Ölü Adam

920 425 26
                                    



"Derin"


Gözlerimi açtığımda, işlerin ne zaman bu noktaya geldiğini hatırlamaya çalıştım. Olabildiğince uzak durmam gereken adamla aynı koltuğu paylaştığımı görmek, ani refleks ile geri çekilmeme sebep olmuştu. Bu tepkimden ötürü Cenk de şaşkınlıkla araladığı gözlerinin arasından bana bakmış, fiziksel olarak iyi olduğumu görünce rahatlamıştı.

"Kusura bakma," dedim, henüz kısık olan sesimle.

"Tutulmuş olmalı," diye de ekledim, belli etmeden ovaladığı kolunu işaret ederek.

Bunun üzerine Cenk hemen toparlanmış ve karşı koltuğa geçmişti. Neden olduğunu anlamadığım bir mahçubiyet içerisindeydi. Oysa dün geceyi belli belirsiz hatırlayınca, yanımda kalması için ısrarcı olan bendim. Şimdi ise karşımda küçük gözlemlerinden birini yapıyor, benden gelecek tepkiyi bekliyordu. Bunu garipseyemezdim, üstelik onun yanında olan tuhaf davranışlarımı düşünüce de haklı sayılırdı. Öte yandan halinden memnundu, bunu bastırmaya çalıştığı gülümsemesinden anlamıştım.

"Aslında," diye başladı sözlerine.

"Uzun zamandır böyle güzel uyumamıştım."

Boynunu sağa sola oynattıktan sonra, parmaklarını birbirine geçirip, kollarını dizlerine dayadığında, bakışlarını üzerimde tutmakta ısrarcıydı. Bir yandan şüpheyle bakıp, gerçekten iyi olup olmadığımdan emin olmak istiyordu. En son ne zaman böyle, küçük bir çocuk gibi hissettiğimi düşündüm. Seneler evvel olmalıydı, bu durumdan hoşnut olduğum zamanlar. Artık toparlanmalıydım, üstelik kendimi çok daha iyi hissediyordum.

"Sanırım artık eve dönmeliyim," dedim.

"Ceren'de akşam dönmüş olur ve sen de refakatçiliğe son verip, rahat yatağında uyuyabilirsin."

Cenk duyduklarından hoşnut olmasa da, başını sallayarak onayladı. Kahve yapma bahanesiyle kalkıp, toparlanmam için bana izin verdiğinde, yerimde doğrularak duvarda asılı olan, her bir detayı özenle işlenmiş, sade ama bir o kadar da güzel aynanın karşısına geçip, dağılmış saçlarıma baktım.

"Korkunç görünüyorum," dedim.

Birkaç adım geriye gittikten sonra, boyluca uzanan pencereye yaklaşıp denizin sakince kıyıya vurun dalgalarını izledim. Az sonra kapıda görünen Cenk, elindeki bardağı yavaşça cam masanın üzerine bıraktı.

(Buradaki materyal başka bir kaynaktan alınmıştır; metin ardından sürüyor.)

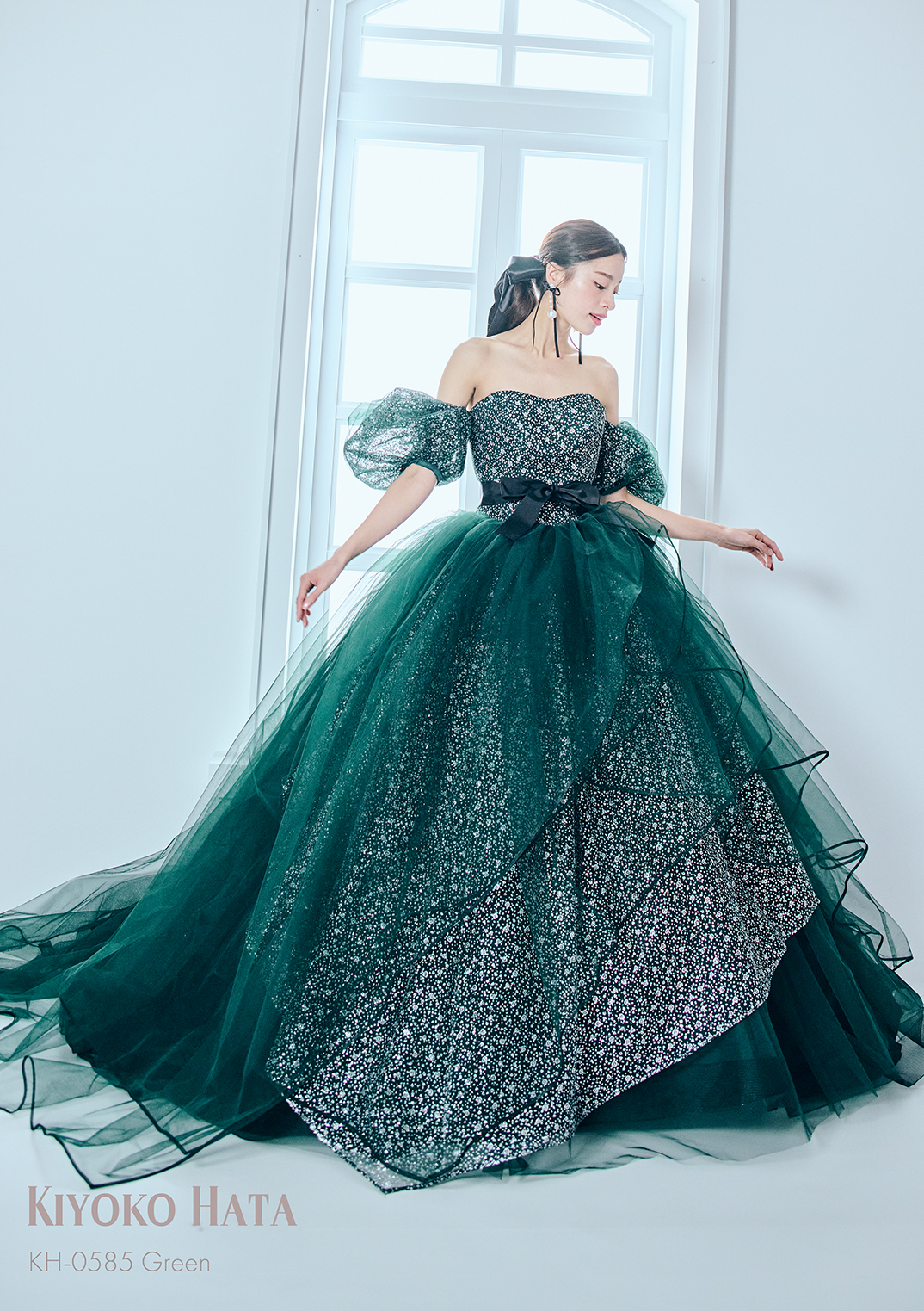 特に人気なのは、光を纏うようなグリッターチュールや、ふんわりとしたドロップショルダーのデザイン。可憐さと華やかさを両立したスタイルは、SNSでも「#KIYOKOHATAドレス」で多くの花嫁が憧れる存在となっています。
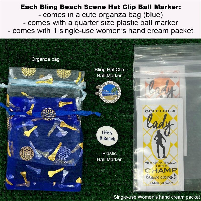 This bright and blingy Beach Scene golf ball marker comes on a magnetic hat clip - ideal for Life's A Beach golf tournaments! The 1"d marker features a beachy scene full of palm trees, sand, ocean and blue sky - perfect for bringing those beach vibes to the course! It's delivered in a cute organza bag, with a quarter-size plastic marker and a packet of women's hand cream.
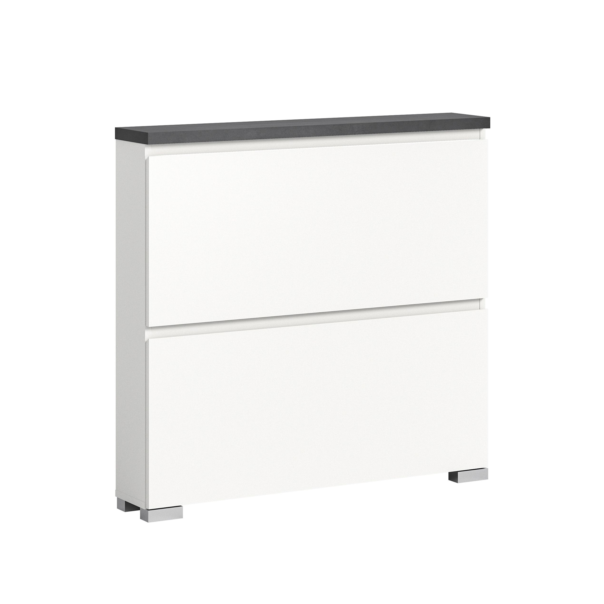 In unserer HADERO Serie präsentieren wir einen kombinierbaren Schuhschrank in stilvollem und zeitlosem Weiß mit einem Oberboden in Industrial Grau, der deinem Eingangsbereich einen modernen Touch verleiht. Mit seiner vielseitigen Gestaltung kannst du ihn nach deinen Bedürfnissen anpassen und so deine Schuhsammlung stilvoll organisieren. Entdecke die perfekte Symbiose aus Funktionalität und Design mit diesem flexiblen Schuhschrank.

"Bir şey mi söyledin?" dedi şüpheyle.

"Hayır," diye yanıtladım.

Durumumdan dolayı yeterince endişeliydi, hem garip hareketlerimle de onu fazlasıyla düşündürüyor olmalıydım. Bir de kendi kendime konuştuğumu bilmesine gerek yoktu. Daha fazla burada durmamalıydım. Kendim olabildiğim evime gidip, pek de konforlu olmayan yatağıma uzanmalı ve baş ucu kitaplarımdan birini okumalıydım.

"Öyleyse bana biraz müsaade edebilir misin?" dedi, yukarıyı işaret ederek.

Ellerimi pantolonumun arka ceplerine koyarak, keskin bir hareketle başımı salladım. Üzerini değiştirmek için odasına çıkarken, benim için masanın üzerine bırakılmış bardağa uzandım. Birkaç yudum alarak, iş grubuna atılmış olan geçmiş olsun mesajlarını yanıtladım. Birkaç dakika sonra da Cenk'in adımları, ahşap merdivende yankılanmaya başladı.